一席
早緑が芽吹き、冬の湿り気を帯びた風が、春の陽光に乾かされ始めた頃のことです。
奏鳴荘の一階、奥まった場所にある空室では、舞い上がる綿埃と男たちの悲鳴が交差していました。
そこは長らく物置と化しており、歴代の店子たちが「いつか引き取る」と言い残して放置していった、呪物に近い重厚な家具やガラクタが地層を成しています。
「あひー、あひー……っ! 重い、重いってこれ! 中身入ってんだろ絶対!」
ポメロが顔を真っ赤にして箪笥の角を支えれば、反対側ではデッカが白目を剥いて震えていました。
「アウチッ! 腰が、俺ちゃんの腰が悲鳴を上げてるぜ」
「げほげほっ! 埃、凄すぎですよ……っ! デッカ先輩、弱音吐いてないで押してください!」
「昨晩、ムーディーにランバダった大事な腰が……ギブ、ギブアップだっあ゛ーーッ!!」
「だから埃っ……デッカ先輩、悲鳴上げてないで押してください!」
「なんか今日冷たくね? ポメロちゃん」
堆積した数年分、あるいは十数年分の綿埃とカビの臭いがポメロकी鼻腔を容赦なく蹂躙します。二人がそんな無様な格好で格闘しているのを、入り口で腕を組んだドリーが冷ややかに眺めていました。

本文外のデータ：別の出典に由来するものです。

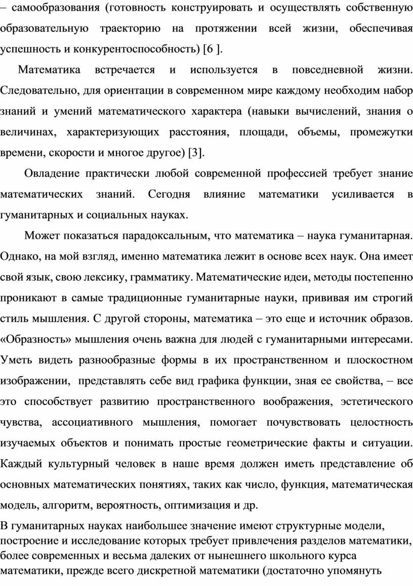 Может показаться парадоксальным, что математика – наука гуманитарная. Однако, на мой взгляд, именно математика лежит в основе всех наук. Она имеет свой язык, свою лексику, грамматику. Математические идеи, методы постепенно проникают в самые традиционные гуманитарные науки, прививая им строгий стиль мышления. С другой стороны, математика – это еще и источник образов. «Образность» мышления очень важна для людей с гуманитарными интересами. Уметь видеть разнообразные формы в их пространственном и плоскостном изображении, представлять себе вид графика функции, зная ее свойства, – все это способствует развитию пространственного воображения, эстетического чувства, ассоциативного мышления, помогает почувствовать целостность изучаемых объектов и понимать простые геометрические факты и ситуации. Каждый культурный человек в наше время должен иметь представление об основных математических понятиях, таких как число, функция, математическая модель, алгоритм, вероятность, оптимизация и др.

「情けないね。大の大人が二人して! そんな細っこい腕で、よくもまあ表現者なんて名乗れたもんだよ」
「一応これでも農民上がりなんで、ドリーさんの期待値がおかしいと思う」
「で、ドリーさん。急にこの部屋片付けるってことはさ、新人でも来るワケ?」
デッカが埃を払いながら、下卑た笑いを浮かべてドリーを覗き込みます。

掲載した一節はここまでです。